Qiskit ML Primitives (qiskit_machine_learning.primitives)¶
Primitives¶
V2-based estimator primitive with two modes. |
|
V2-based sampler primitive with two modes. |
Qiskit Machine Learning (here QML for short) are thin wrappers around Qiskit’s Statevector primitives (V2). In addition to these, they provide an exact mode of execution, which computes the full statevector, rather than randomly sampling it. This mimics the behavior of early V1 statevector primitives, providing a familiar Qiskit V2 primitives interface (PUB-based execution) for reliable and reproducible prototyping of small problem instances.
QML primitives are built to satisfy the following needs:
Provide a stable, QML-centric API for internal components (QNNs, kernels, gradients);
Offer a fully deterministic exact simulation for unit tests and reference results;
Optionally emulate shot noise in local simulation by delegating to Qiskit’s statevector primitives.

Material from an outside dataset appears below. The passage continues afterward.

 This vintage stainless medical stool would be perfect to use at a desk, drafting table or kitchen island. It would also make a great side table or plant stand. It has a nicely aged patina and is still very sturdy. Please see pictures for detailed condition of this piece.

Why introduce these wrappers?¶
Qiskit’s V2 primitives ecosystem standardizes execution around Primitive Unified Blocs (PUBs) and structured result objects. This infrastructure does not provide a direct way to compute the full statevector result without shot noise, which some unit tests and prototyping tasks benefit from. QML primitives address this needs by allowing the exact simulation mode directly, or acting as a light wrapper around Qiskit Statevector (V2) primitives when sampling with shot noise.
Execution modes¶
Exact mode (deterministic)¶
In exact mode, QML computes results analytically from a statevector representation. This is primarily intended for tests and reference calculations:
Deterministic outputs (no sampling stochasticity);
Fast for small circuits, but the cost scales exponentially with the number of qubits;
Ideal for verifying gradients / batching logic.
Statevector primitive fallback (optional shot noise)¶
When exact mode is disabled (or not applicable), QML delegates to Qiskit’s Statevector primitives. This supports local statevector simulation and can emulate shot noise when shots are requested.

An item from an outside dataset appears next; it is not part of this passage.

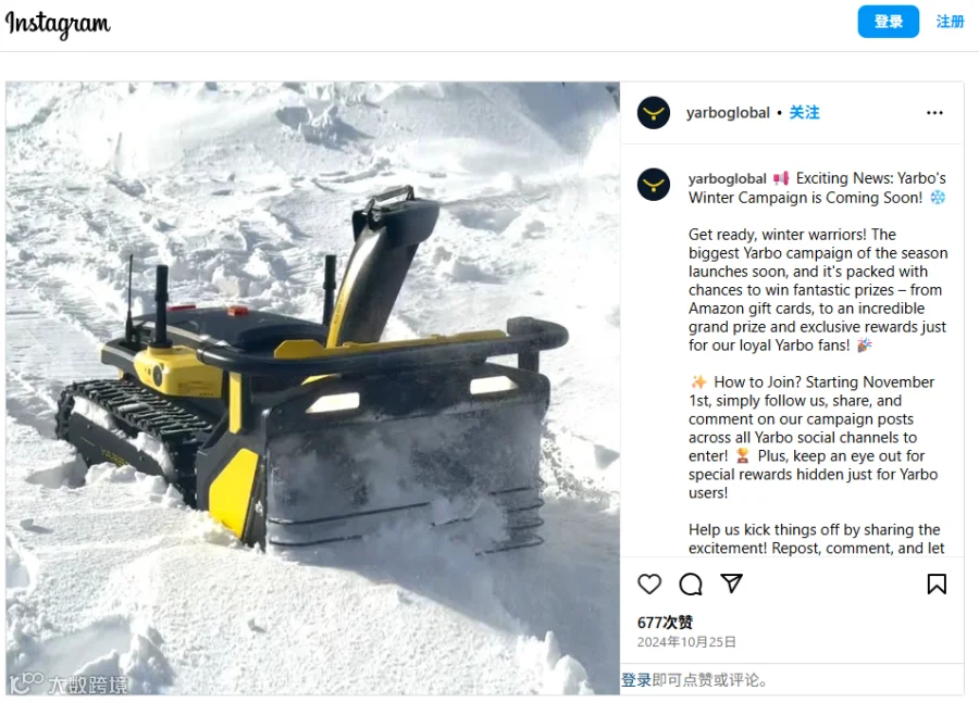 针对高客单价、低复购的品类特性,Yarbo在Instagram、Facebook等平台推出了“雪季挑战”等互动活动,鼓励用户转发视频并分享使用体验,参与者有机会赢取模块配件。

Examples of exact simulation and with shot noise¶
# QMLEstimator example
from qiskit.circuit import QuantumCircuit, Parameter
from qiskit_machine_learning.primitives import QMLEstimator
require_exact: bool = True
# Build circuit + observable...
# For exact methods, circuits should be small (10-20 qubits or less) because of the
# exponential computational cost.
if require_exact:
# Setting precision to 0 triggers the `exact` mode, performing the calculation with
# the estimator routines implemented in Qiskit Machine Learning
est = QMLEstimator(default_precision=0)
else:
# Setting precision to a float greater than 0 triggers the `shot-noise` mode, invoking
# StatevectorEstimator directly from `qiskit.primitives`.

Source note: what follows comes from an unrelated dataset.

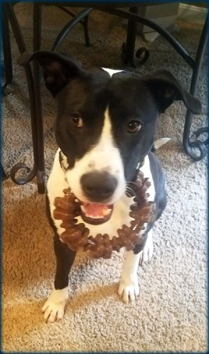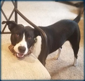 He was a rescue. He came to us from an awesome organization. He was delivered with all of his shots, was neutered, heartworm tested, and microchipped! He's about 16 months old now. He came to us with a lot of behavioural issues (luckily no aggression) and has been in obedience class.

est = QMLEstimator(default_precision=0.1)
result = est.run([(qc, [obs], [theta_values])]).result()
# ======================================================
# QMLSampler example
from qiskit_machine_learning.primitives import QMLSampler
if require_exact:
# Setting `shots=None` triggers the `exact` mode, performing the calculation with
# the sampler routines implemented in Qiskit Machine Learning
sampler = QMLSampler(shots=None)
else:
# Setting a finite integer number of shots, instead, invokes StatevectorSampler from Qiskit
sampler = QMLSampler(shots=10_000)
result = sampler.run([(qc, [param_values])]).result()
Executing workloads on IBM quantum hardware¶
QML primitives do not support hardware execution, as they are intended for classical simulation
of small circuit prototypes. To run workloads on IBM quantum computers, use the primitives
provided in the qiskit-ibm-runtime library.
Here, we provide an example usage of kernel alignment (based on the 08_quantum_kernel_trainer.ipynb tutorial) using the Qiskit IBM Runtime primitives.
pip install qiskit-ibm-runtime
import numpy as np
from sklearn import metrics
from qiskit import QuantumCircuit
from qiskit.circuit import ParameterVector
from qiskit.circuit.library import zz_feature_map
from qiskit_machine_learning.optimizers import SPSA
from qiskit_machine_learning.kernels import TrainableFidelityQuantumKernel
from qiskit_machine_learning.kernels.algorithms import QuantumKernelTrainer
from qiskit_machine_learning.algorithms import QSVC
from qiskit_machine_learning.datasets import ad_hoc_data
from qiskit.transpiler.preset_passmanagers import generate_preset_pass_manager
from qiskit_ibm_runtime import QiskitRuntimeService, Session, SamplerV2 as Sampler
# 1. Dataset (same as tutorial)
adhoc_dimension = 2
X_train, y_train, X_test, y_test, _ = ad_hoc_data(
training_size=12,
test_size=6,
n=adhoc_dimension,
gap=0.3,
plot_data=False,
one_hot=False,
include_sample_total=True,
)
# 2. Trainable feature map (same idea)
training_params = ParameterVector("θ", 1)
fm0 = QuantumCircuit(2)
fm0.ry(training_params[0], 0)
fm0.ry(training_params[0], 1)
fm1 = zz_feature_map(2)
feature_map = fm0.compose(fm1)
# 3. Choose least-busy QPU + open a Runtime Session
service = QiskitRuntimeService()
backend = service.least_busy(operational=True, simulator=False, min_num_qubits=2)
# Create a transpiler pass manager targeting the backend ISA
pm = generate_preset_pass_manager(backend=backend, optimization_level=3)
with Session(service=service, backend=backend) as session:
sampler = Sampler(mode=session) # V2 primitive in session mode
# Compute-uncompute fidelity uses the Sampler primitive
fidelity = ComputeUncompute(sampler=sampler, shots=1024, transpiler=pm)
# Trainable fidelity quantum kernel + trainer
qkernel = TrainableFidelityQuantumKernel(
fidelity=fidelity,
feature_map=feature_map,
training_parameters=training_params,
)
optimizer = SPSA(maxiter=6, learning_rate=0.05, perturbation=0.05)
qkt = QuantumKernelTrainer(
quantum_kernel=qkernel,
loss="svc_loss",
optimizer=optimizer,
initial_point=[np.pi / 2],
)
# 4. Kernel alignment (training)
qka_result = qkt.fit(X_train, y_train)
trained_kernel = qka_result.quantum_kernel
# 5. Fit a model using the kernel
qsvc = QSVC(quantum_kernel=trained_kernel)
qsvc.fit(X_train, y_train)
y_pred = qsvc.predict(X_test)
print("Backend:", backend.name)
print("Optimal kernel params:", qka_result.optimal_parameters)
print("Balanced accuracy:", metrics.balanced_accuracy_score(y_true=y_test, y_pred=y_pred))